Voyager avec son animal : oui, c’est possible
La « paperasse » n’est pas un mur infranchissable. C’est une étape. Avec un peu d’organisation, on peut emmener son animal presque partout. Voici les grandes lignes, qui peuvent varier selon les pays :
- prendre rendez-vous chez le vétérinaire au moins 1 à 2 mois avant le départ
- vérifier les vaccins obligatoires (notamment contre la rage)
- faire pucer ou identifier l’animal si ce n’est pas déjà fait
- demander un certificat de bonne santé récent
- se renseigner auprès de la compagnie aérienne sur les conditions de transport
- préparer une cage ou un sac adapté à son poids et à sa taille
Oui, cela prend du temps. Oui, cela coûte un peu d’argent. Mais c’est le prix normal d’un engagement pris le jour où l’on a ouvert la porte de chez soi à cet animal.

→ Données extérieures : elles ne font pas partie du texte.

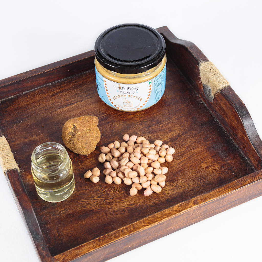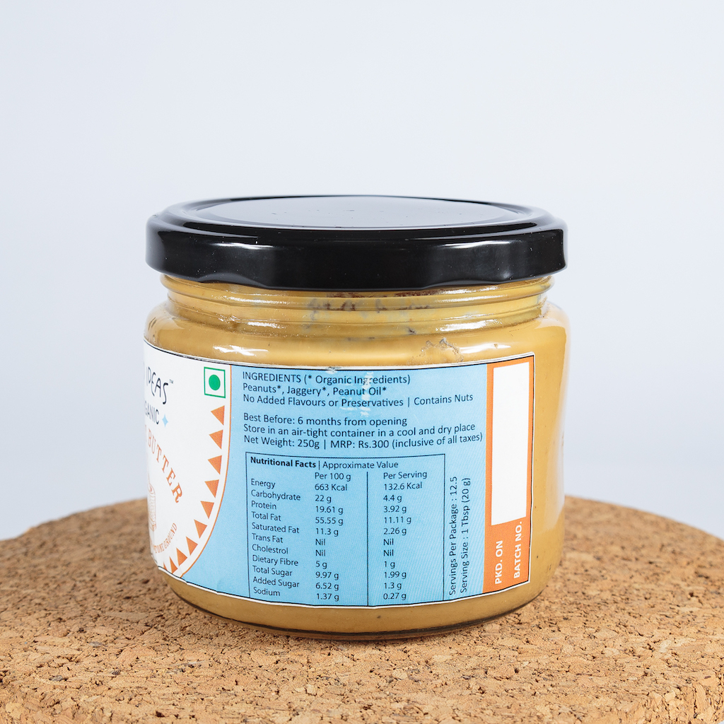 Upgrade your toast with this simple, pure, and delicious Organic Peanut Butter. Unlike commercial spreads that rely on refined sugar, hydrogenated oils, or emulsifiers, ours is made with just three wholesome ingredients: sand-roasted Peanuts, natural Jaggery, and Peanut oil. The traditional sand-roasting process enhances the flavour of the peanuts, resulting in a delicious and nutritious spread. It contains No Added Flavours or Preservatives, ensuring you get pure, wholesome goodness in every jar.

Le vrai luxe, c’est la fidélité
Dubaï montre souvent une image de réussite : gratte-ciel, soirées, shopping, piscines à débordement. Pourtant, face à un chien abandonné dans un refuge, tout ce décor perd de sa brillance. Le vrai luxe, ce n’est pas d’échapper à la « paperasse ». C’est de rester fidèle à ses choix, même quand cela demande des efforts.
Vous n’êtes peut-être pas influenceur, vous ne vivez peut-être pas à Dubaï. Mais si vous avez un animal, vous connaissez ce regard qui vous suit partout, cette joie quand vous rentrez, cette présence silencieuse les jours difficiles. Abandonner cela pour quelques formulaires de plus, est-ce vraiment raisonnable ? La question dérange, et pourtant elle mérite d’être posée.
Vers une autre façon de voir les animaux
Cette affaire d’influenceurs qui quittent Dubaï en laissant leurs bêtes derrière eux choque. Mais elle peut aussi servir de déclic. Elle nous oblige à revoir notre rapport aux animaux. Non plus comme des décorations de vie idéale, mais comme des compagnons, au sens plein du mot.
Au final, un pays, une ville, une communauté se jugent aussi à la façon dont ils traitent les plus vulnérables. Les animaux en font partie. Et peut-être qu’un jour, la vraie tendance sur les réseaux ne sera plus de montrer le plus beau chien. Mais de montrer comment on l’accompagne, du premier jour au dernier, malgré les changements, malgré les papiers, malgré tout.